# About this task:
What you return should be the full listing, copied exactly and stripped of its pictures.

# Data excerpt:
* * * * *

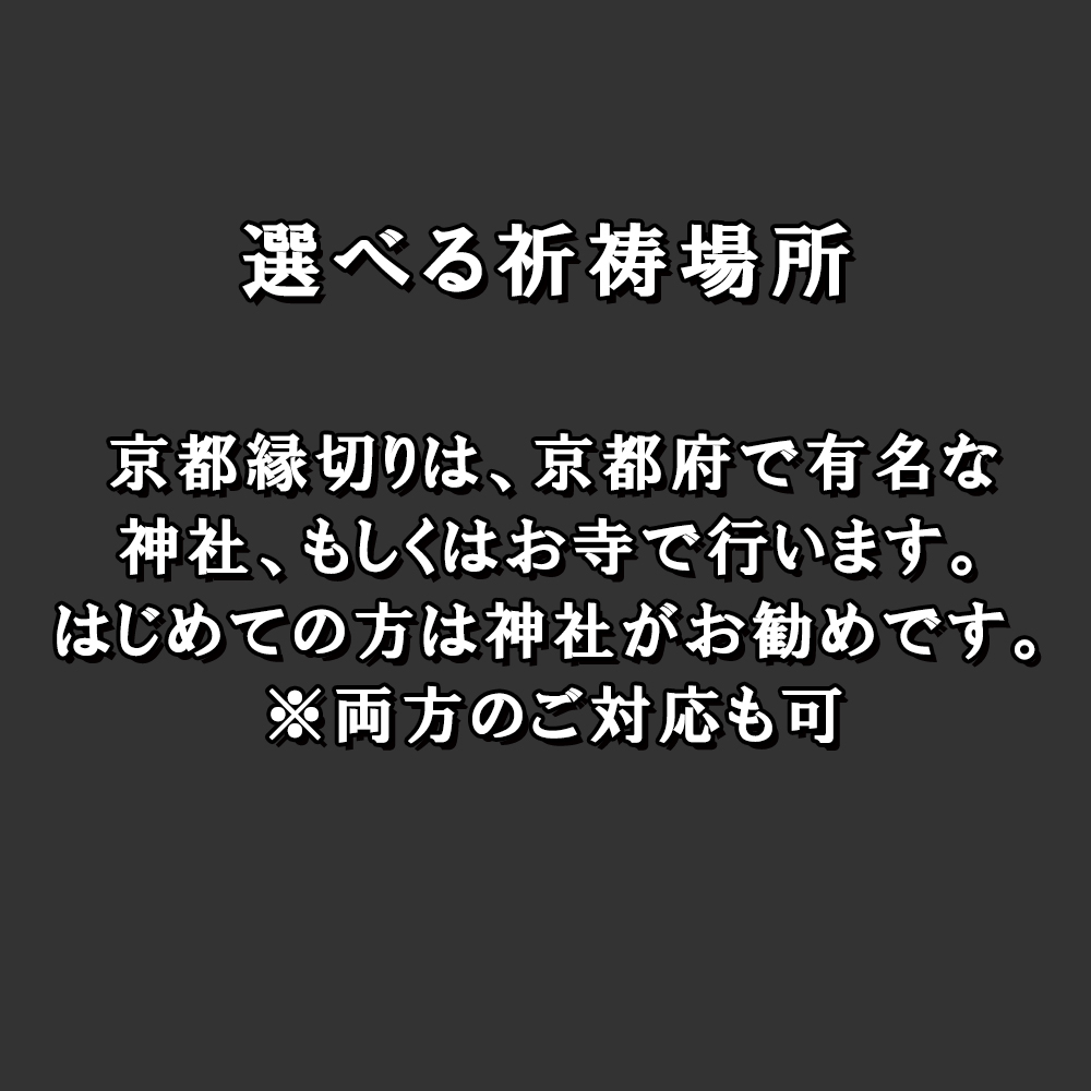 今回の縁切り祈祷は、縁切り神社。もしくは縁切り寺の二か所からお選びいただけます。初めての方は縁切り神社がお勧めです。
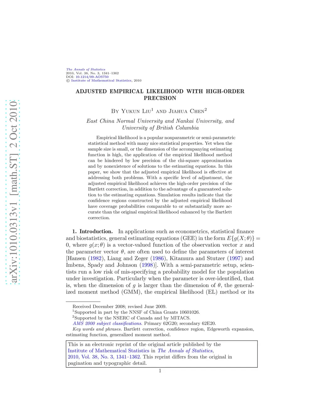 Empirical likelihood is a popular nonparametric or semi-parametric statistical method with many nice statistical properties. Yet when the sample size is small, or the dimension of the accompanying estimating function is high, the application of the empirical likelihood method can be hindered by low precision of the chi-square approximation and by nonexistence of solutions to the estimating equations. In this paper, we show that the adjusted empirical likelihood is effective at addressing both problems. With a specific level of adjustment, the adjusted empirical likelihood achieves the high-order precision of the Bartlett correction, in addition to the advantage of a guaranteed solution to the estimating equations. Simulation results indicate that the confidence regions constructed by the adjusted empirical likelihood have coverage probabilities comparable to or substantially more accurate than the original empirical likelihood enhanced by the Bartlett correction.
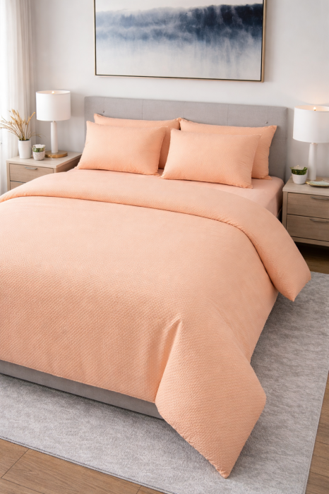 Lenjerie pat dublu Finet 4 piese 200x220 -Moale si placuta la atingere- Culoare Bej
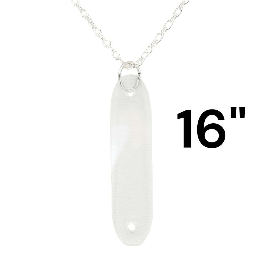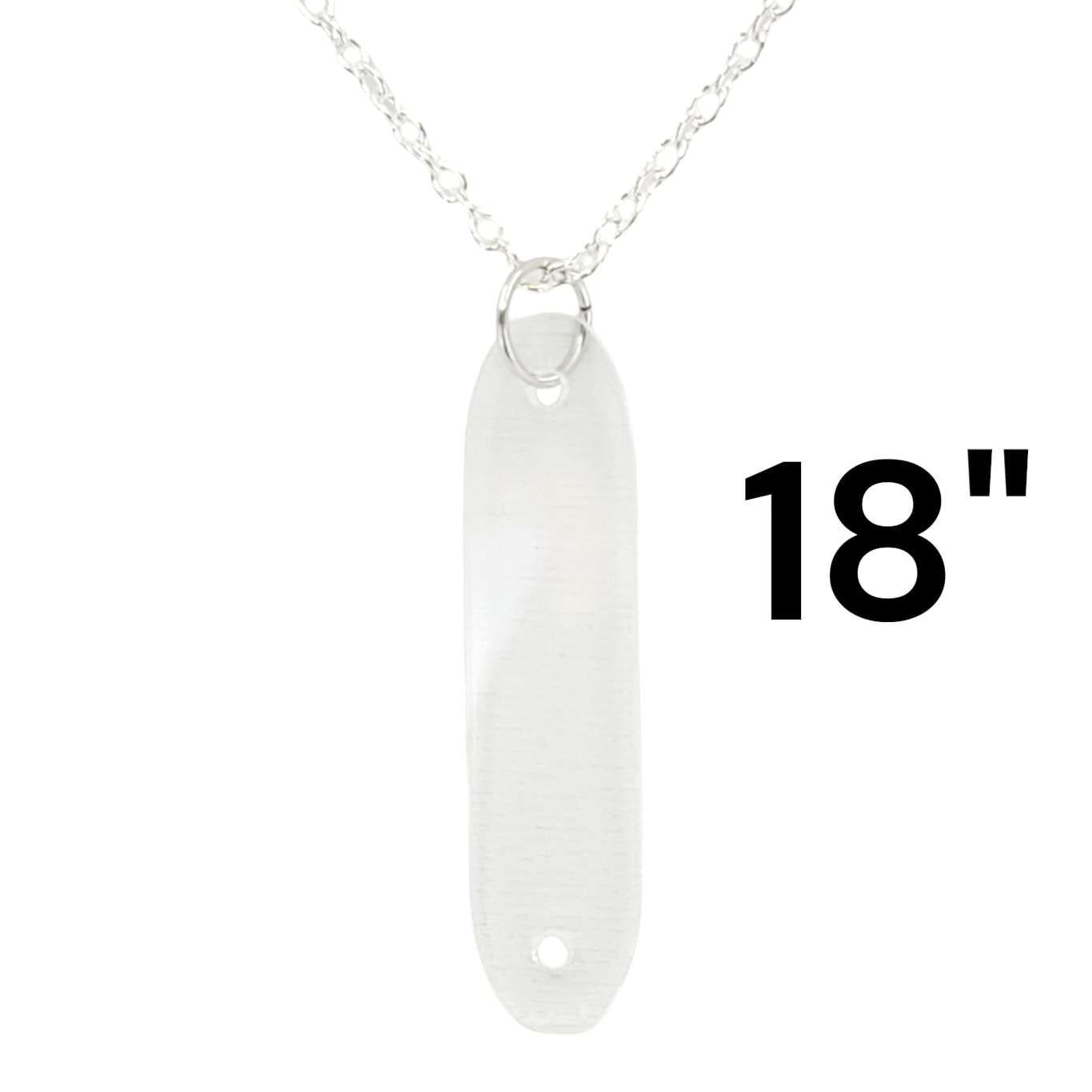 - Includes a hypoallergenic stainless steel chain in 16in or 18in length

* * * * *

# Response to the task:
 今回の縁切り祈祷は、縁切り神社。もしくは縁切り寺の二か所からお選びいただけます。初めての方は縁切り神社がお勧めです。
 Empirical likelihood is a popular nonparametric or semi-parametric statistical method with many nice statistical properties. Yet when the sample size is small, or the dimension of the accompanying estimating function is high, the application of the empirical likelihood method can be hindered by low precision of the chi-square approximation and by nonexistence of solutions to the estimating equations. In this paper, we show that the adjusted empirical likelihood is effective at addressing both problems. With a specific level of adjustment, the adjusted empirical likelihood achieves the high-order precision of the Bartlett correction, in addition to the advantage of a guaranteed solution to the estimating equations. Simulation results indicate that the confidence regions constructed by the adjusted empirical likelihood have coverage probabilities comparable to or substantially more accurate than the original empirical likelihood enhanced by the Bartlett correction.
 Lenjerie pat dublu Finet 4 piese 200x220 -Moale si placuta la atingere- Culoare Bej
 - Includes a hypoallergenic stainless steel chain in 16in or 18in length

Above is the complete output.